Dans une maison de retraite, une employée propose à ses résidents de faire un exercice de synthèse en choisissant trois mots pour leur vie. Pourquoi seulement trois ? Une des résidentes un peu goguenarde en propose sept (esclave, reine de l’évasion, meurtrière, terroriste, espionne, amante et mère) et le récit va se diviser en huit chapitres, les huit vies de Mook Miran, dans le désordre.
C'est ce désordre qui est piquant et amène beaucoup de curiosité, car dans la lecture des premières vies, on se demande comment Mook Miran (qui aura d'autres identités) pourra vivre les autres : cela paraît dès le début improbable. Certains récits sont faits par un autre personnage, j'apprécie ce procédé littéraire de la polyphonie, mais vu le contexte rédactionnel, il paraît très improbable.
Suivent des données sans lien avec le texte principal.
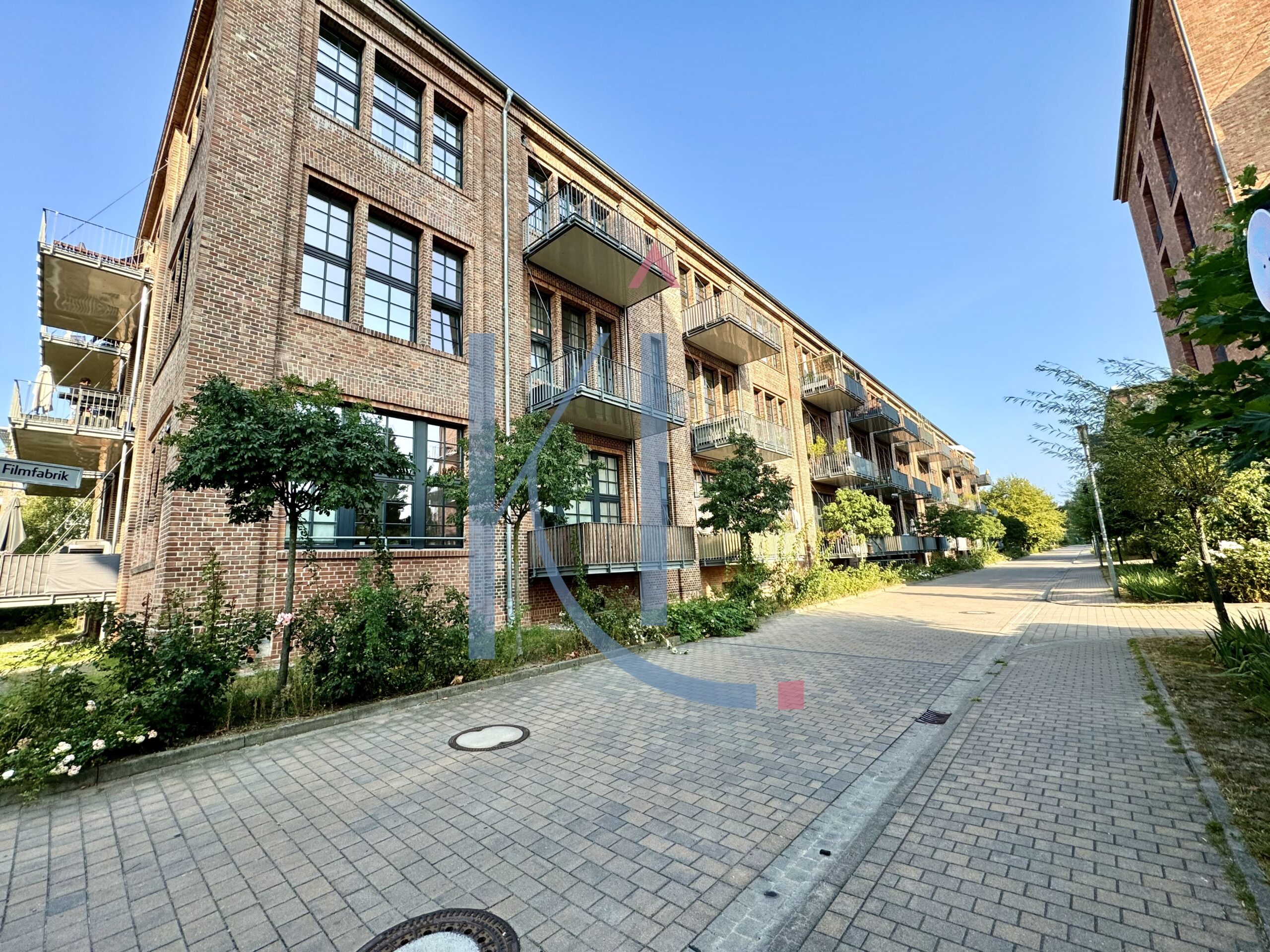 Hier verbinden sich die imposante Architektur der ehemaligen Kodak-Glanzfilmfabrik mit modernem Wohnkomfort und einer Lage, die kaum idyllischer sein könnte. Die denkmalgeschützten Backsteinbauten der früheren Glanzfilmfabrik wurden aufwendig saniert und zu einem Wohnensemble mit einzigartiger Atmosphäre entwickelt. Das Herzstück bildet die lichtdurchflutete Innen-Galerie, die mit ihrer gläsernen Architektur an eine Orangerie erinnert und dem Haus einen offenen, eleganten Charakter verleiht.

Ces personnages ont-ils été contactés ? ont-ils laissé des textes ?... Il ne semble pas. Mais l'ébullition pendant laquelle on est en se demandant le lien avec Mook Miran - qui n'est pas livré immédiatement - fait partie de ce qui retient l'attention (pageturner, dit-on).
J'ai donc beaucoup aimé ! Certaines vies sont agréables, on ne veut pas s'en échapper alors même que (vérifions le nombre de pages du chapitre...) ça ne va pas durer, certaines sont vraiment épouvantables, des pièges, des prisons, une maison XII récurrente. Le contexte est la deuxième guerre mondiale, l'occupation japonaise puis la scission des Corées, la dictature en Corée du Nord, que je découvre avec intérêt en littérature pour la première fois.
A lire si vous aimez découvrir un pays, son histoire, une plume efficace et ne pas pouvoir anticiper les péripéties.
Merci à Babelio et aux éditions Phébus d'avoir pensé à me proposer ce livre et de m'avoir laissé une complète liberté d'expression à son sujet.
Citations :
Bien que les apparences lui importent peu lorsqu'il s'agit d'amour, elle se délecte de la beauté physique inattendue de son époux. Elle ne croit pas à sa chance : elle n'a jamais imaginé que quelqu'un qu'elle apprécie pour son esprit et sa chaleur puisse être aussi séduisant.
Parfois, elle sort la nuit pour observer le fleuve Yalu. Sous la pleine lune, il semble mener sa propre existence. Alors que le clair de lune frappe la surface, l'eau se scinde en milliers de petites corps noirs scintillants - des carpes de jais, pour certains, ou une simple armée de serpents, ou encore une colonie de petits phoques, constamment en mouvement, tous dans la même direction. Le fleuve fredonne avec vigueur tandis qu'il suit son cours, respirant au travers de ses milliers de branchies obscures. La vue et le son lui semblent magiques. Au matin, pourtant, le soleil redonne à l'eau sa teinte verdâtre habituelle.
- (...) Ça a été la plus belle période de ma vie. Vivre avec lui à Pyongyang. L'économie allait bien, à l'époque. Les enfants dans la rue avaient encore les joues roses et le corps potelé.
Malgré moi, mes yeux s'embuent. Mon incapacité à me maîtriser m'irrite. Je serre les poings sous la table. Mes ongles s'enfoncent dans mes paumes, laissant de minuscules croissants de lune. Une légère douleur pour me réancrer ici et maintenant.
La police secrète a commencé, au beau milieu de la nuit, par couper l'électricité dans tout le bâtiment. Puis ils ont rendu une petite visite aux étudiants dans chaque chambre, à l'improviste. Ils repéraient d'abord le lecteur de cassettes. S'ils sentaient la moindre source de chaleur sur la machine, ils remettaient l'électricité et lançaient le lecteur pour vérifier son contenu. Si la vidéo était considérée comme propre, un support de la propagande de la famille Kim, vous étiez tiré d'affaire. Toutefois, trouver un adolescent devant un film de propagande après minuit était aussi improbable que de croiser Bouddha dans un bordel.
Ma passion pour la Bible a également survécu : lorsque j'ai cessé de la voir comme une source de vérité, elle s'est mise à me fasciner en tant qu’œuvre de fiction, si riche en récits de cape et d'épée enchanteurs et de leçons poignantes sur la folie humaine.